XMPP is a federated chat protocol.

This thread is for cataloguing knowledge and experience with it.

I will start with the clients.

Dino (desktop, Linux only?)

- Works but is very simple and uses GTK3.

- Lacks some more advanced features.

- Works with Tor (proxychains) but leaks.

- Can't into certificates

https://dino.im/

Conversations (android)

- Works.

- Works with Orbot.

https://conversations.im/

Profanity (terminal)

- Has OMEMO issues it seems.

- Works with Tor (proxychains).

https://profanity-im.github.io/

Gajim (desktop)

- Python bloat machine. Old versions allow OMEMO in weird places.

- Probably insecure. No Tor.

https://gajim.org/

PSI+ (desktop)

- Old looking, but fine with single window mode

- Only works with Tor if you are using an Onion address

https://sourceforge.net/projects/psiplus/

PSI (desktop)

- Same as PSI but worse I guess?

https://psi-im.org/

Monal IM (iOS)

- Can't receive OMEMO Messages from Dino

https://monal.im/

Zom (iOS and Android)

- Apparently have become a Matrix client?

https://zom.im/

ChatSecure (iOS)

https://chatsecure.org/

Siskin (iOS)

- OMEMO does not work in groups

https://siskin.im/

Vacuum IM

I've seen some people use Xabber on their phones.

I've found that most clients do work with Tor if you are using an Onion address. Otherwise, they seem to leak DNS requests, unless you are using TorDNS where at least Dino will promptly fail. Pretty sure this is due to TorDNS not supporting some types of DNS requests.

thanks for this

Is it better and more secure than signal?

Ravenman

Is it better and more secure than signal?

XMPP? I would say so since Signal is highly centralized, and it's certainly more private (for example you don't have to give a phone number).

A new project I heard about today, a fork of Blabber.im which itself is a fork of Conversations: https://codeberg.org/Arne/monocles_chat

Don't forget about Fnord Messenger https://gt.kalli.st/kallist/conversations It's a fork of Conversations with only cosmetic changes. While it hasn't received any commits in a year or so, it still doesn't matter.

diego

Don't forget about Fnord Messenger https://gt.kalli.st/kallist/conversations It's a fork of Conversations with only cosmetic changes. While it hasn't received any commits in a year or so, it still doesn't matter.

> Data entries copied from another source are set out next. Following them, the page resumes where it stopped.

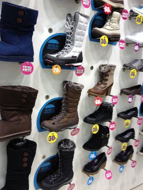 Mivel a leárazásra koncentráltunk, a legolcsóbb és legjobban leárazott termékek között keresgéltünk, így találtunk 3990 forintos, extrém bokacsizmát, 4990 forintos műbőr körömcipőt, amiből nem volt már 38-as méret, 30 helyett 20 ezer forintos, hasított bőr, térd fölé érő rojtos csizmát. Sok a vadhajtás (főleg az SMH márkánál), de lehet jó őrültségeket kifogni. Az olcsóbb árkategóriás termékek között főleg kicsit lazán összegányolt műbőr cipők vannak, de aki hajlandó 60 ezret adni egy csizmáért, az kap Hilfiger csizmát is a Humanicnál.
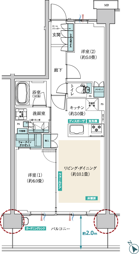 バルコニー面積 / 11.10㎡(約3.35坪)
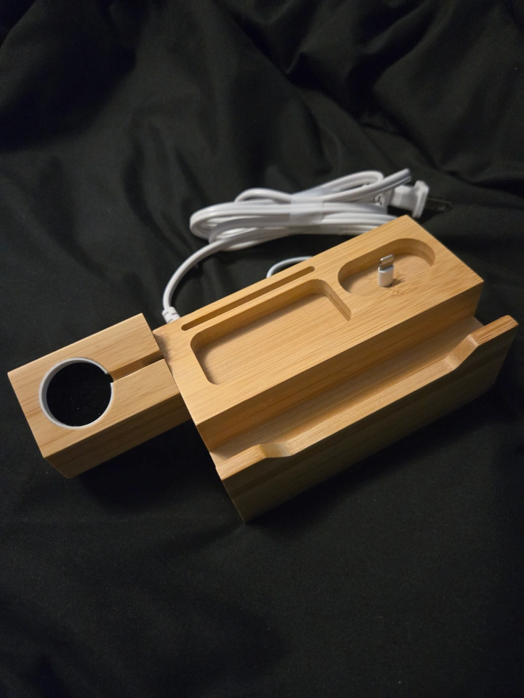 78Selling a bamboo charging station, perfect for organizing your Apple devices! It has a spot for your phone, Apple Watch, and more. Comes with the charging cable as well
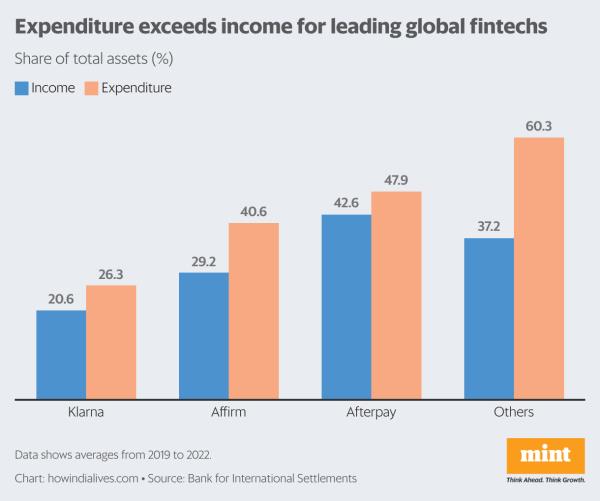 金融科技公司也严重倾向于某些类型的贷款,比如先买后付(BNPL)贷款——本质上是购买时提供的零利率贷款,分期偿还。尽管它们的贷款产品越来越受欢迎,但正如国际清算银行(bis)在全球背景下所阐述的那样,它们的盈利之路仍然崎岖不平。国际清算银行是一家由各国央行所有的金融机构。
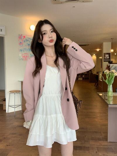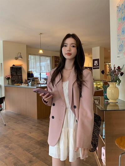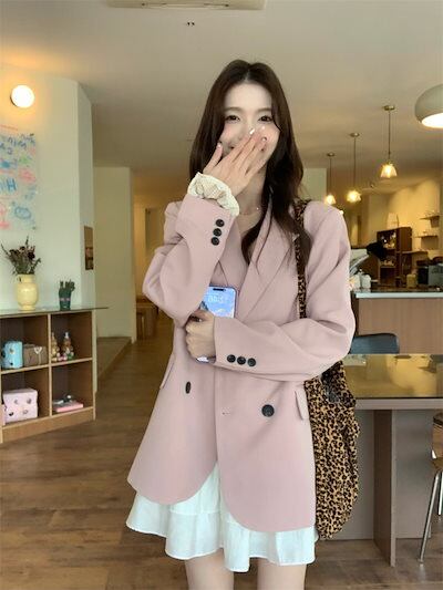 2024秋冬トップス ジャケット 長袖 ボタン テーラードカラー ゆったり 細見え 秋 ピンク おしゃれ かわいい ガーリー キュート 甘め 韓国ファッション レディース お出かけ
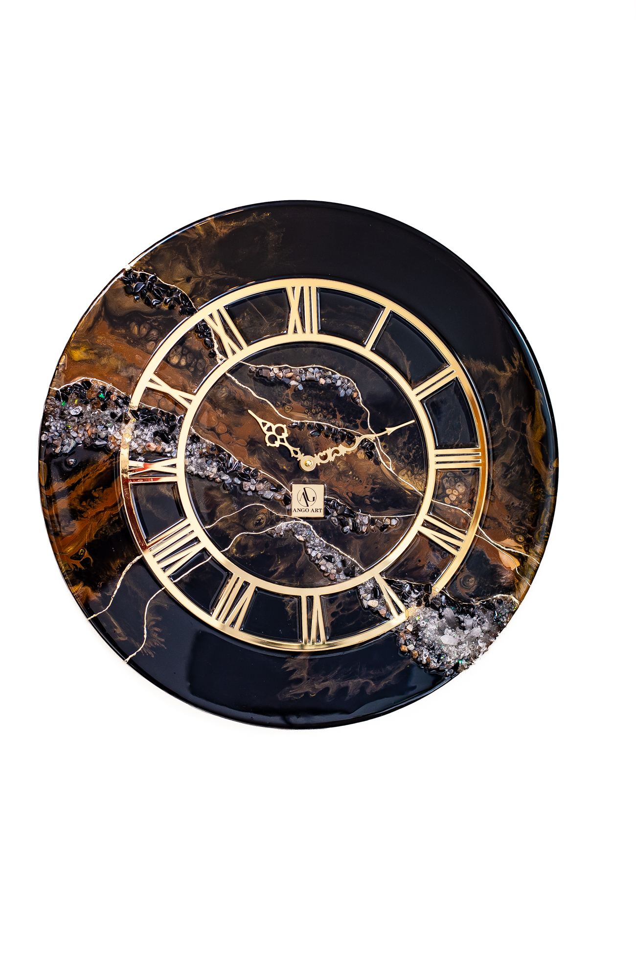 Niesamowity stylowy czarny zegar z połączeniem brązowych odcieni oraz złotymi żyłkami ma średnicę 50 cm. Dodatkowo zdobiony kamieniami naturalnymi, takimi jak czarny obsydian, kamień księżycowy oraz kryształy górskie. Każdy z tych minerałów ma swoją magię i moc.

Tkabber has also been forgotten about.

I remember seeing clients using XMPP for code collaboration as well. On Eclipse, I've used the Saros plugin, but it did seem very restrictive in terms of messaging.

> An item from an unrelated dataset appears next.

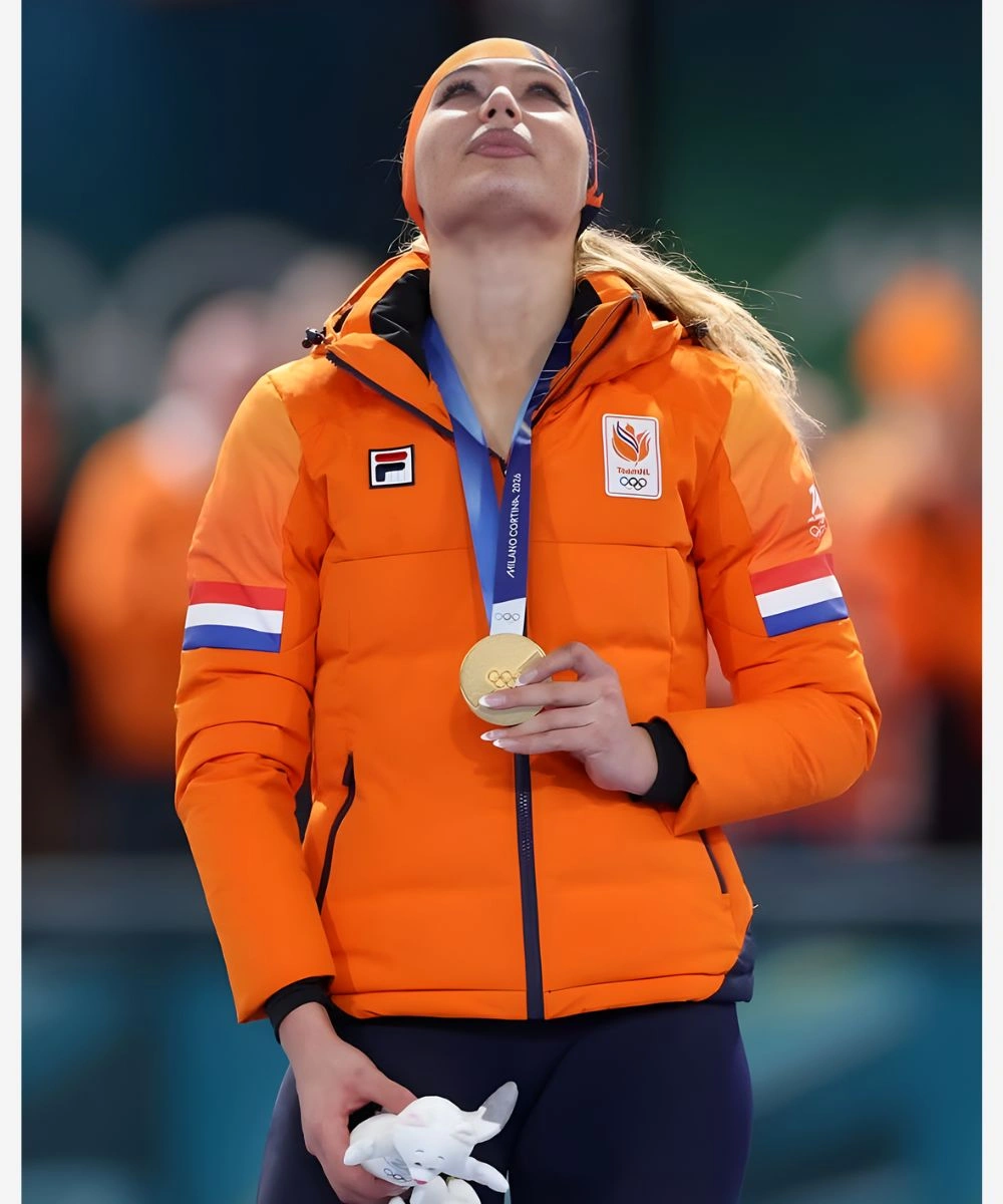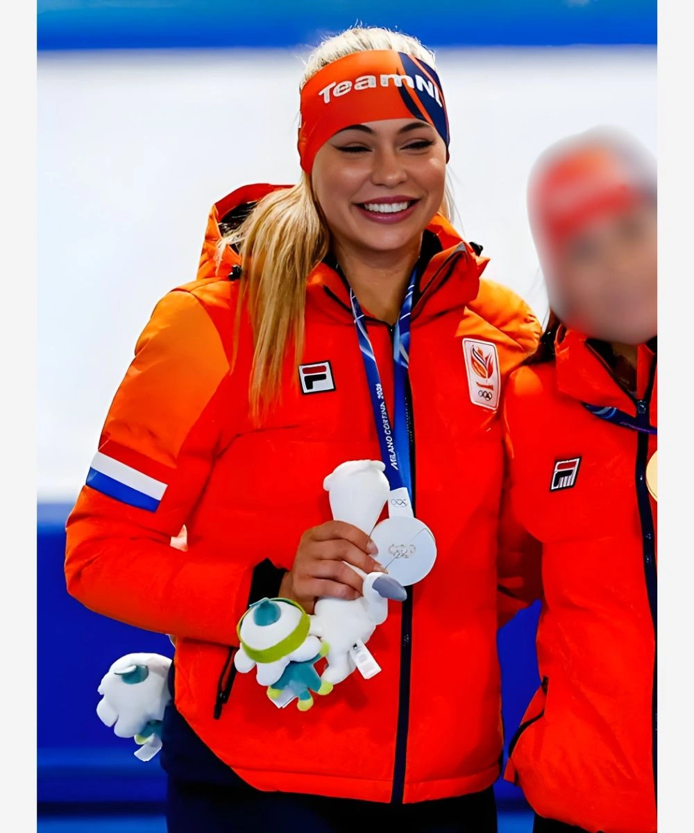 Milano Cortina 2026 Winter Olympics Opening Ceremony Team Netherlands Jutta Leerdam Orange Puffer Jacket
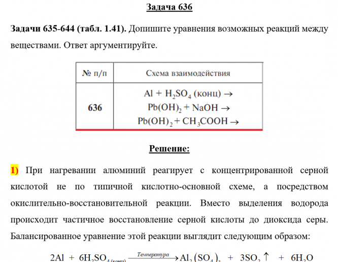 Задачи 635-644 (табл. 1.41). Допишите уравнения возможных реакций между веществами. Ответ аргументируйте..

https://www.saros-project.org/

nice to be here ready to learn alot

shadow

Tkabber has also been forgotten about.

Also mcabber. Both tkabber and mcabber have OTR and PGP support, but lack HTTP upload/OMEMO. They also rarely get updates anymore, however they're stable clients so it doesn't matter much.

think i found a red-room but I'm not sure if it counts because the site isn't red should probably report it???

snopdog

think i found a red-room but I'm not sure if it counts because the site isn't red should probably report it???

What does this have to do with XMPP? If it doesn't, please don't post off-topic stuff or you may get banned for spam.

Profanity, from my past experience, has been pretty good and should have more information for users than "..."

It supports PGP, OTR, OMEMO. It's a terminal client and has a ton of options. There are some issues with carbons, but I generally think there should be more coverage!

shadow

I've found that most clients do work with Tor if you are using an Onion address. Otherwise, they seem to leak DNS requests

I use psi+ with tor with the built in proxy settings. and it doesn't seem to leak DNS when using clearnet addresses (atleast in wireshark)?

What do they leak to? the exit node ISP or the user's?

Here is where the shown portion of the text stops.